Нолдо было непросто продолжать молчать, и держаться гордо, но Хэлйанвэ узнал, что не сдаваться легче, если, когда особенно больно, смеяться над своими палачами и над Сауроном (Больдогу-то было все равно до насмешек над Волком, но … беоринга такие насмешки задевали, и это придавало силы пленнику). Больдог ненавидел щенка-фэаноринга, не желающего даже кричать, а Март проникся уважением к нолдо — несмотря на свои юные годы (нолдо выглядел ровестником Марта), Хэлйанвэ держался как герой.
***
Вечер перешел в ночь, и Линаэвэн уснула. Фуинор ожидал этого момента и неслышно вошел в комнату девы, сел рядом и окутал тэлэрэ колдовским сном. И во сне дева задумалась — точно ли пленные получают ту еду, что она готовит? Не подмешивают ли чего к этой еде?
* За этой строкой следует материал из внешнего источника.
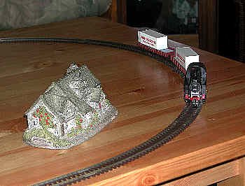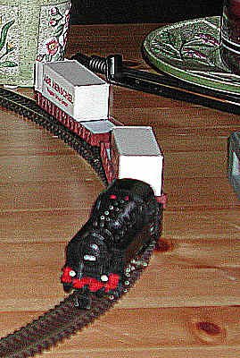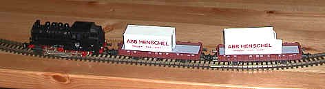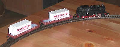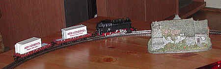 We finally managed to get the start of a TT railroad. Here's the first of it: a small 0-8-0 locomotive of German design, German flat cars with containers and an oval of track. Two of the five cars were all we needed to start. It ran on a coffee table the first time. Our hope is to eventually build a small TT display railway which can run two or three such trains simultaneously.

Утром эльдэ проснулась в тревоге. Она оставалась на кухне ради того, чтобы хотя бы помогать родичам чарами, вложенными в пищу, укреплять таким образом их дух. Но этой ночью ей виделся Кирион, истощенный и измученный пытками, с какой-то лепешкой отвратительного серого цвета, и довольно хохочущие орки, что расписывали тиндо, как вкусно готовит Линаэвэн. А в другом сне виделось, как над едой, приготовленной ею, колдуют Фуинор и Саурон, подмешивая в пищу свои зелья, а после — сгибающийся от боли после отравленного варева Хэлйанвэ… И Линаэвэн не могла не гадать, что это было — просто сны, воплощение ее страхов, или предчувствие? Ведь Темные могли так поступать. Но потом тэлэрэ вспомнила благодарные слова Вэрйанэра. Если бы приготовленное ею не доставалось пленникам или от него становилось бы тяжело, нолдо говорил бы иначе.